A wild-born bear who never made it back to the wild, but who, by most accounts, had a good life.

A cared-for life. A life that mattered to the people who showed up every year just to stand at the edge of his habitat and watch him do bear things.

Three weeks later, they said goodbye to Skoki's companion, Khutzeymateen. Khutzey. Also 35.

Born at the zoo, she'd never known anything but the sound of those familiar voices and the smell of those familiar hands.

She was walked home with a planned euthanasia on September 30, after her health declined.

They used the phrase “lovingly walked home.” And if that doesn't catch in your throat a little, I don't know what to tell you.

Ninety years of grizzly care at the Calgary Zoo – and for a moment, it was just over.

The grief that comes with the job

The thing about working in wildlife care is that you know this is coming.

You know the bears you raise from cubs will age, and you'll love them anyway, and the grief at the end will be proportional to exactly how much you let yourself care.

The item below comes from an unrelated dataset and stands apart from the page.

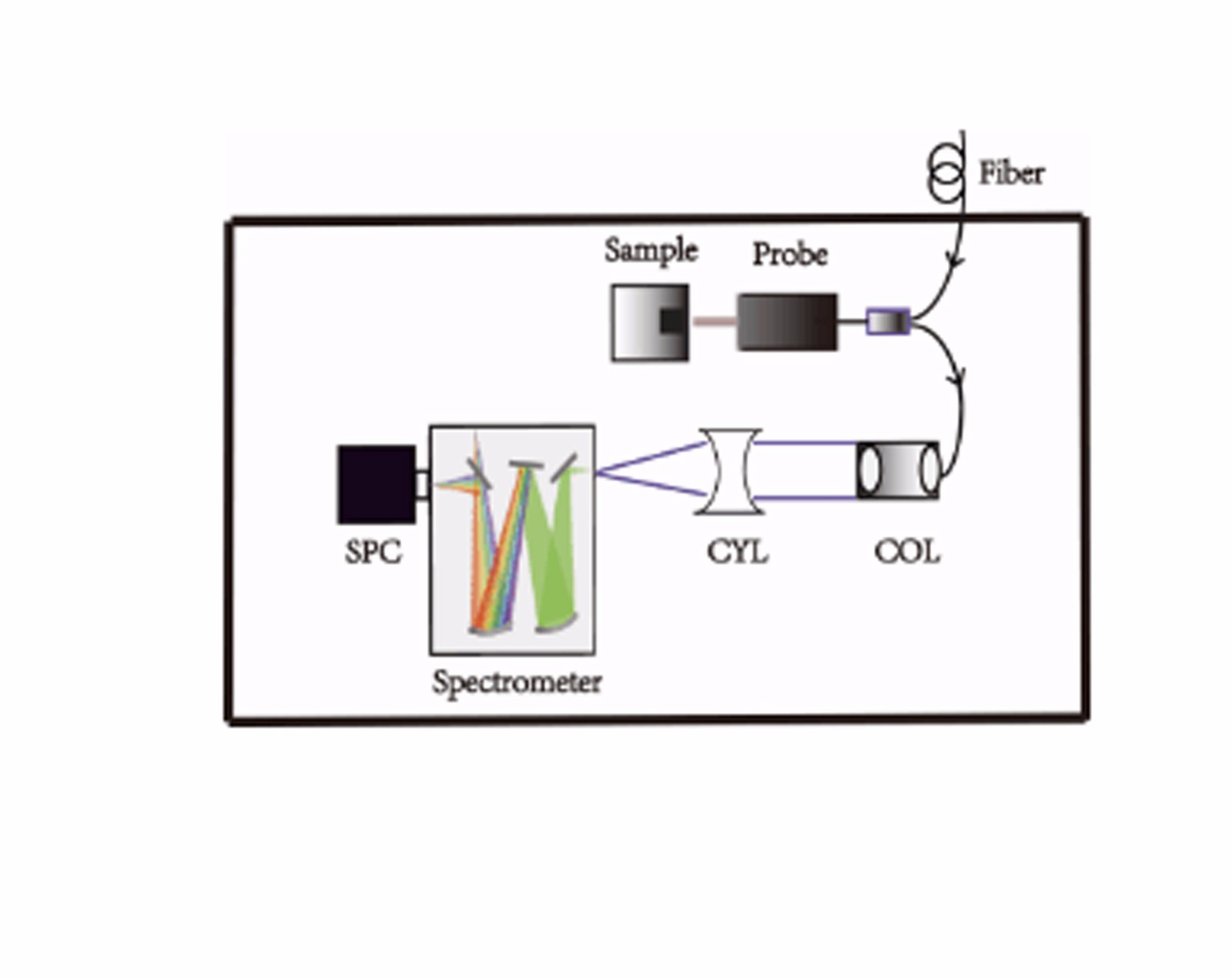 拉曼檢測(cè),激發(fā)樣品產(chǎn)生的拉曼信號(hào)通過(guò)探頭,探頭出射端連接光纖,光纖后端放置準(zhǔn)直器,以及柱透鏡對(duì)拉曼光斑整形。光路圖如下圖1.5所示。調(diào)節(jié)光斑使其聚焦到光譜儀狹縫。光譜儀采用全自動(dòng)光譜設(shè)備,內(nèi)部采用經(jīng)典的C-T不對(duì)稱(chēng)結(jié)構(gòu),且具有像差自動(dòng)校正功能。

The Calgary Zoo team let themselves care a lot.

You can tell from the way they talk about Skoki and Khutzey, from the words they chose. Their hearts were heavy.

That's not press release language. That's someone trying to say something true in a situation where words feel inadequate.

And then, about two weeks after Khutzey died, a call came in from southern Alberta.

Two cubs who needed somewhere to go

It's their Birthday

A mother grizzly had been killed in a human-wildlife encounter near Diamond Valley.

Her cubs – two of them, born that same year, far too young to survive on their own – had been found.

Alberta Fish & Wildlife moved quickly. The zoo, still raw from loss, said yes.

“These cubs needed our help,” said Kim Walker, Senior Manager of Animal Care, Health & Welfare. “But in many ways, we needed them too.”

That sentence is doing a lot of work. Read it again.

The cubs arrived in mid-September, just days after Skoki was gone – a slightly darker one and a lighter one.

Two small animals who had no idea what had happened to their mother, no understanding of where they were or why, no reason yet to trust the strange humans standing nearby.

Those humans kept their distance, made themselves small, and waited.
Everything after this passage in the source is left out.